John Wanamaker gave us what might be the most famous quote in marketing, and he did it before email marketing or marketing automation were even dreamed of: “Half the money I spend on advertising is wasted; the trouble is I don’t know which half.” That worry still resonates today, especially with B2B businesses that have a much higher cost per lead and invest a great deal of time in each prospect.
On average, only one in three B2B marketers can give a full accounting of their department’s revenue earned. Of those who can, almost all of them use marketing database services to show them what Wanamaker never had the tools to reveal. These successful marketers use three proven strategies to transform the organization’s view of marketing from a cost to a revenue driver:
- Implement technology with a marketing automation consultant
- Think in terms of profit and loss by assigning concrete values to marketing activities
- Use marketing AI to its fullest advantage
To executives outside the marketing department, activity in the office might seem like a purely creative endeavor. That’s certainly part of marketing, but it doesn’t tell the whole story, especially now that database marketing is the rule in B2B sectors. We’re living in the digital age; marketers who aren’t there yet are at risk of being left behind altogether. Marketing automation and data-driven campaigns are no longer optional.

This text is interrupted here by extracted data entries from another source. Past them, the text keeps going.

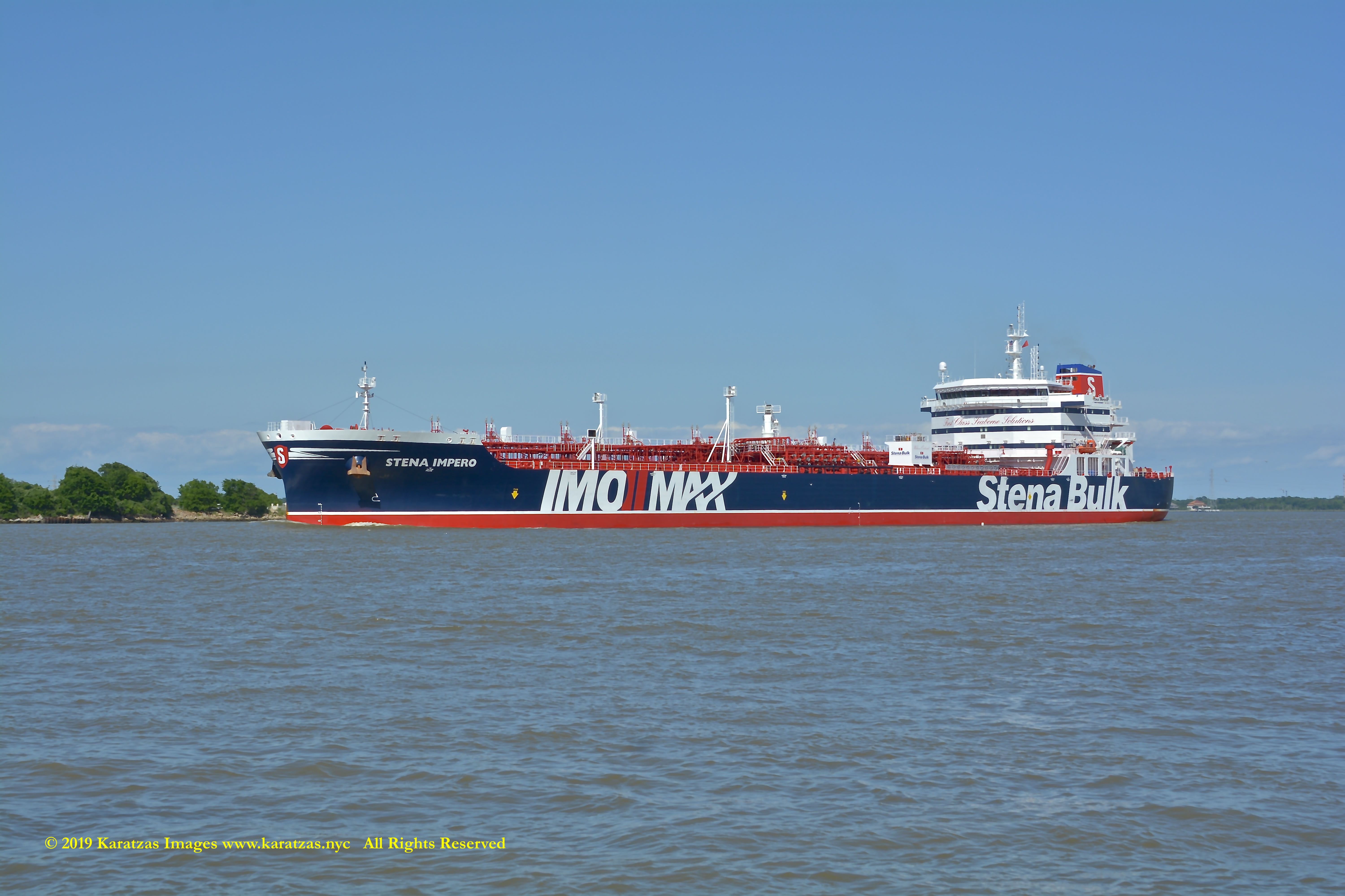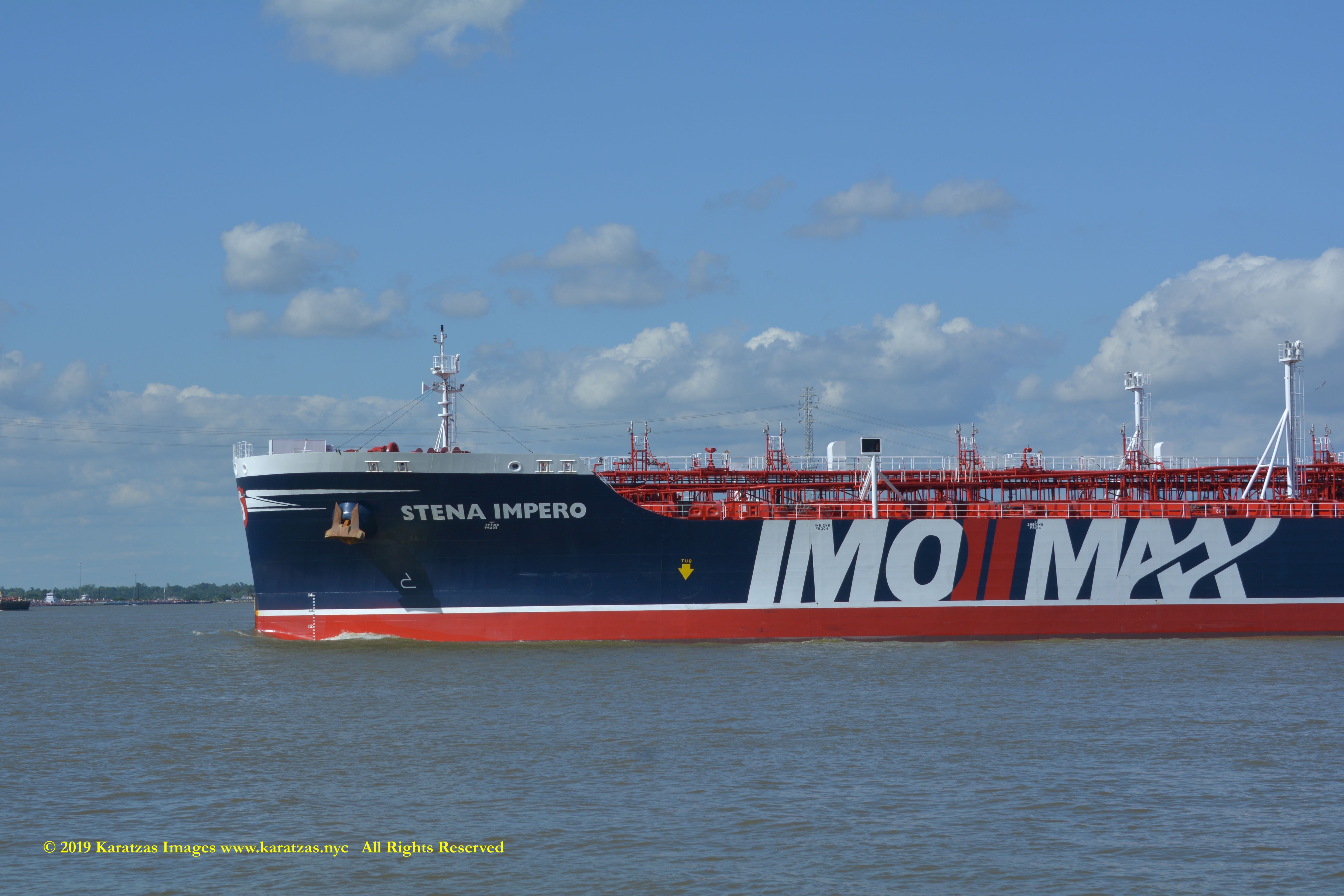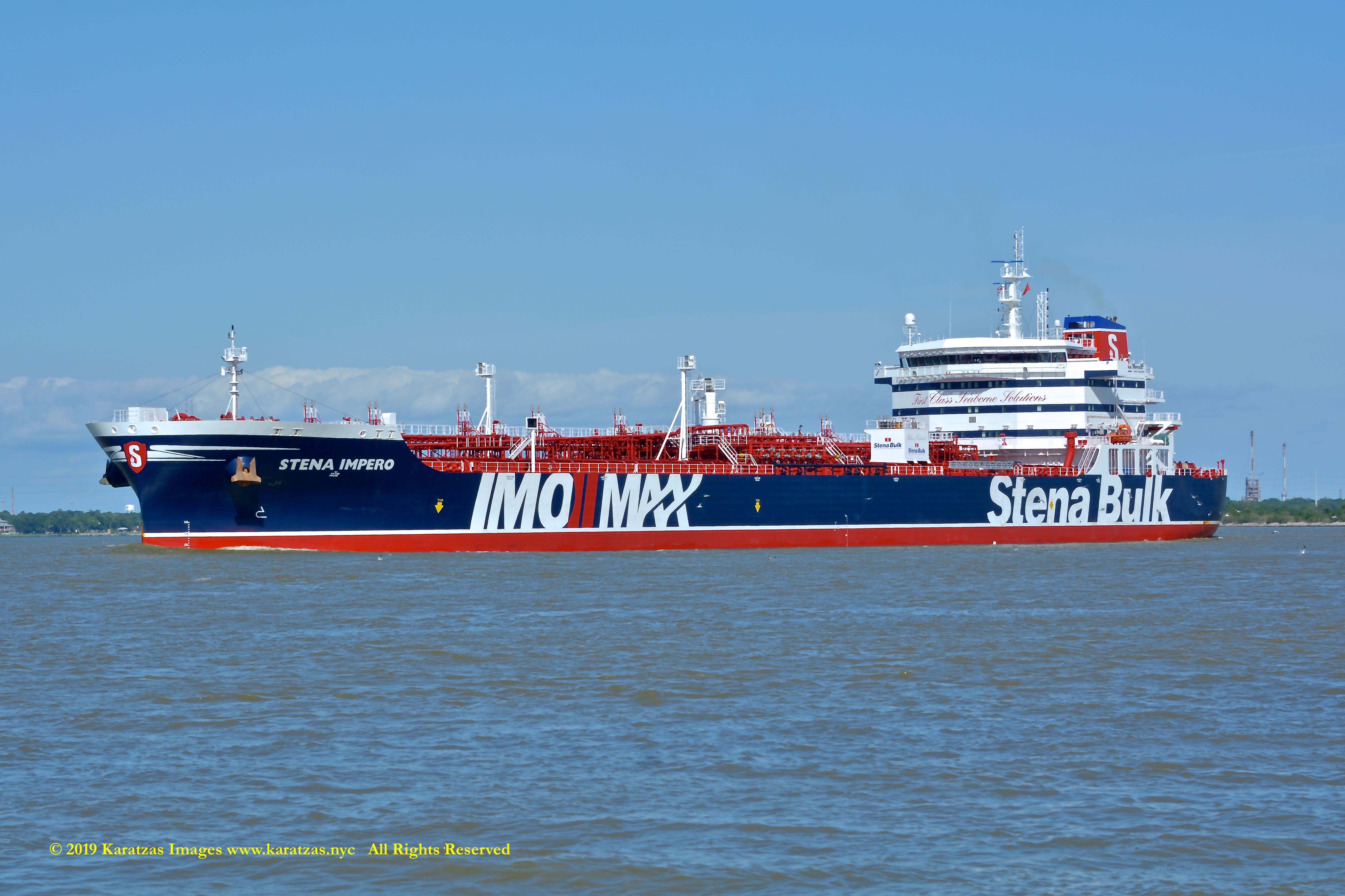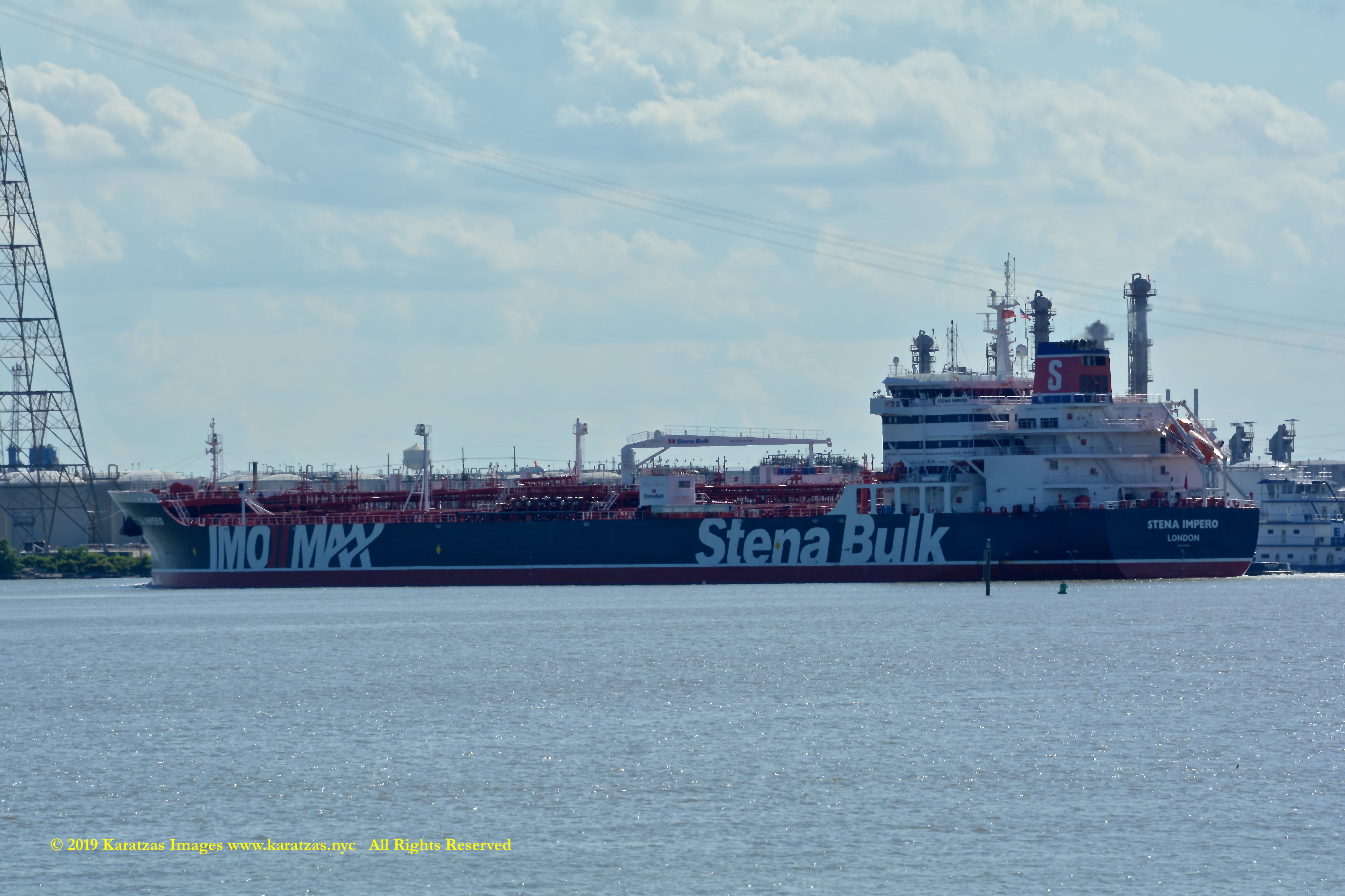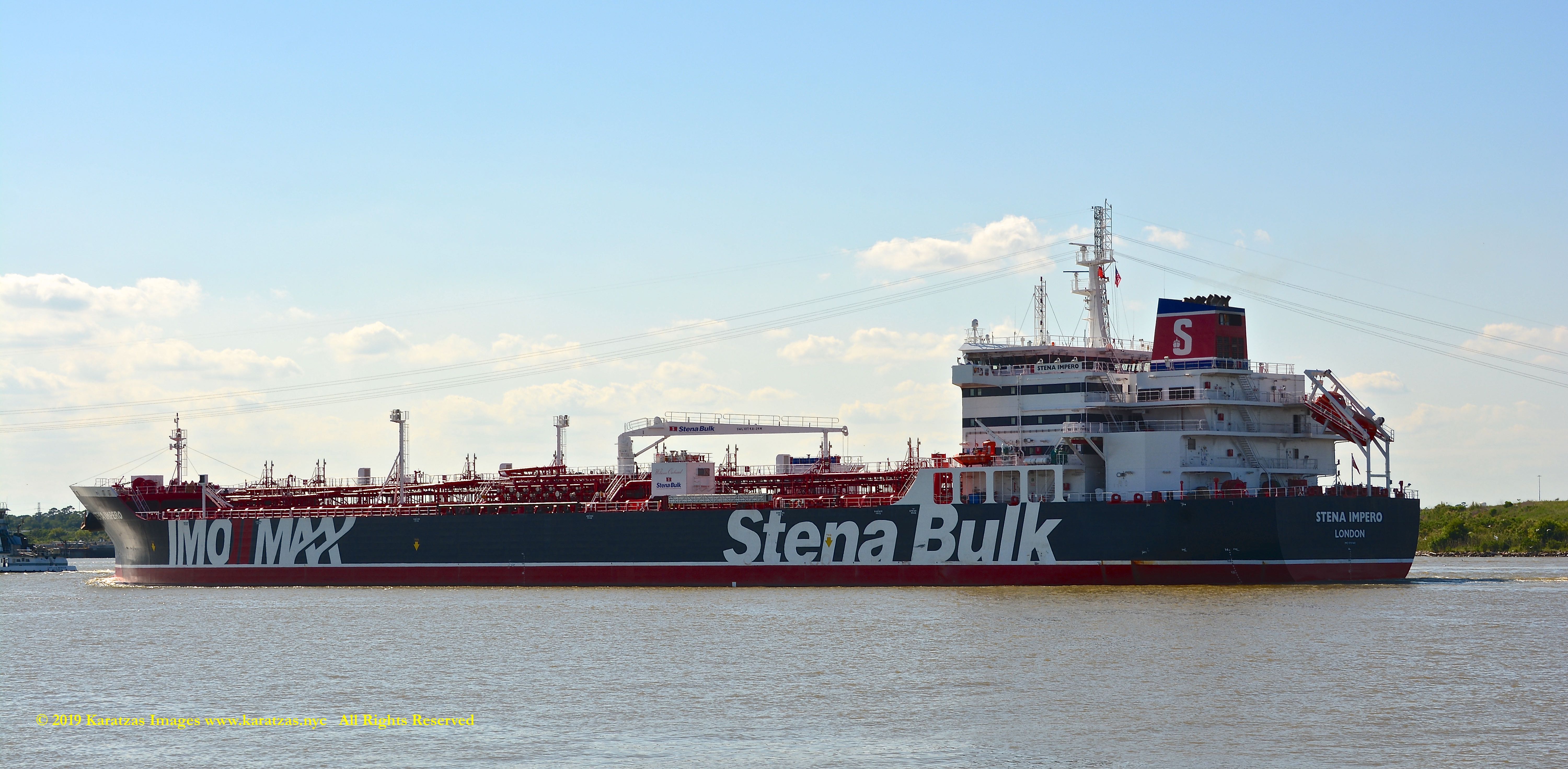 Images of brightly pained LPG tanker of MT ‘Gas Summit’ (84,000 cbm, 54,000 dwt, built in 2014 at Hyundai Heavy (Ulsan) and owned by S. Korea’s KSS Line) sailing upstream in the Houston Ship Channel. Image credit: Karatzas Images
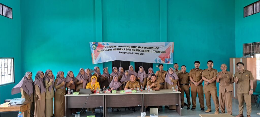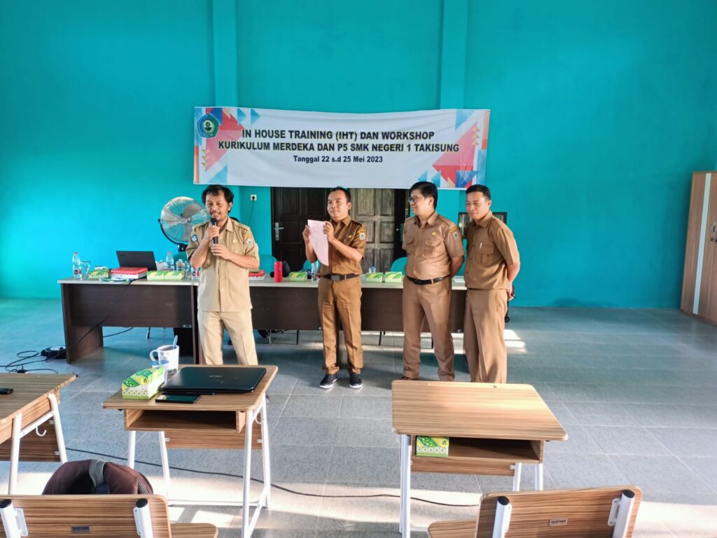 IHT dan Workshop Kurikulum Merdeka dan P5 SMK Negeri 1 Takisung dilaksanakan pada tanggal 22 s.d 25 Mei 2023 dihadiri seluruh Guru dan Tenaga Kependidikan SMKN 1 Takisung yang dibuka langsung oleh Kabid PTK Dinas Pendidikan dan Kebudayaan Provinsi Kalimantan Selatan.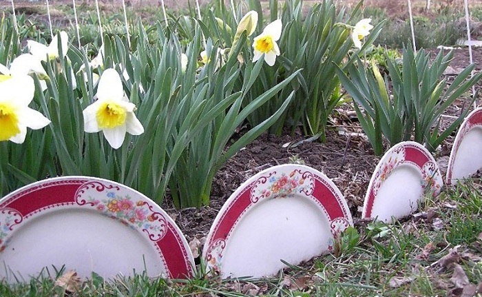 Найпростіше — зробити огорожу для клумби з вкопаних у землю тарілок, яка прослужить досить довго.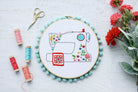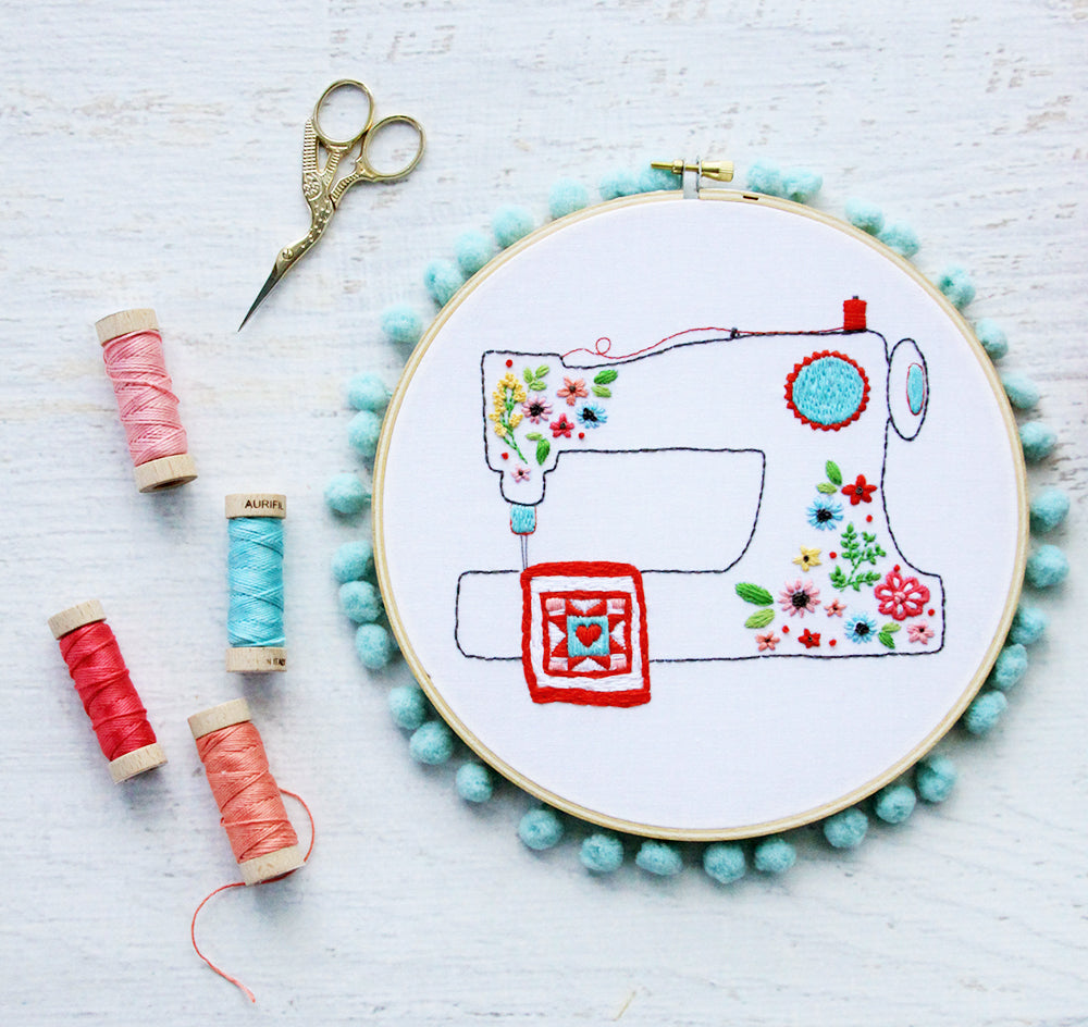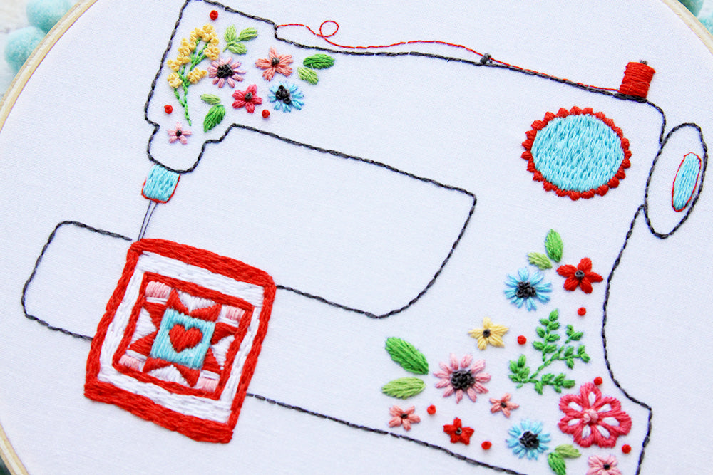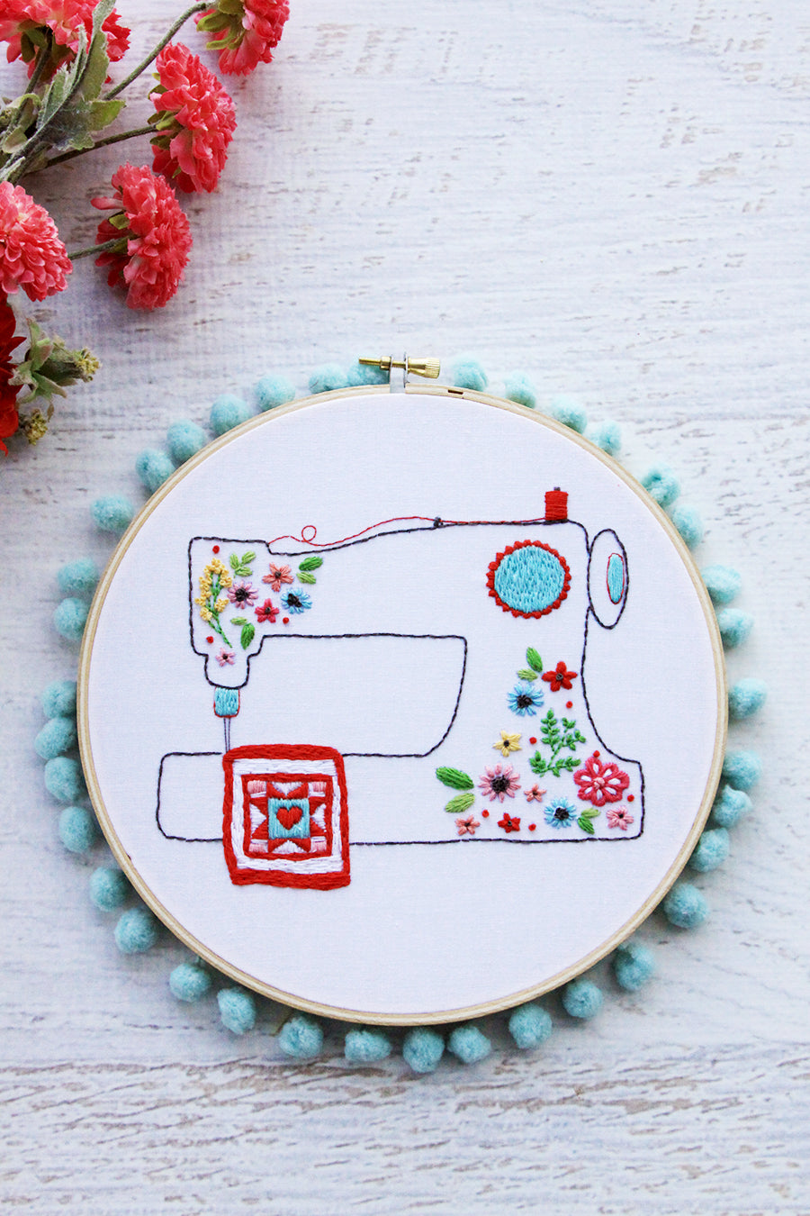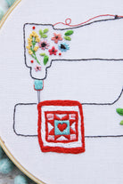 Everyone needs a sweet sewing machine all decorated with flowers! This fun embroidery design is perfect for anyone who loves sewing and quilting - it even has a darling little quilt block in progress!

To get a marketing automation system online and operational takes more than a plug-and-play approach. A marketing database manager with experience migrating and cleansing data gives your system the start it needs to become a high-powered revenue driver. Marketing operations managers create the roadmap your organization will use to figure out precisely which half (or more) of your marketing efforts work. Wanamaker’s dream is now a reality, thanks to marketing automation.
Marketing as a Revenue Engine
Marketers are often task-oriented, thinking in terms of what they need to do next in a linear progression. Revenue-based marketing skips ahead to the end result of marketing – ideally, a sale. How much of that sale is ultimately attributable to a successful campaign, and how much did the campaign cost? In terms of profit and loss, what’s the real value of each part of your marketing efforts? What contributed most to its success?
The answers might come as a surprise even to experienced marketers. Social media, for example, has a very low buy-in but depending on your business, it may produce little in terms of results compared to a costlier but more effective direct mail campaign.
The High-Performance Database
In Wanamaker’s heyday, the manual typewriter was the apex of technology. A relational database that could put millions of pieces of data in context and show you exactly where your marketing efforts are paying off would have been science fiction to him. Frankly, they’re still somewhat beyond the reach of many companies today – even ones that have access to marketing automation technology.
The tech alone isn’t enough; you also need the experience to use it. In-house solutions are a challenge, but marketing automation consultants can pull your database together in less time than you think and put revenue marketing within reach.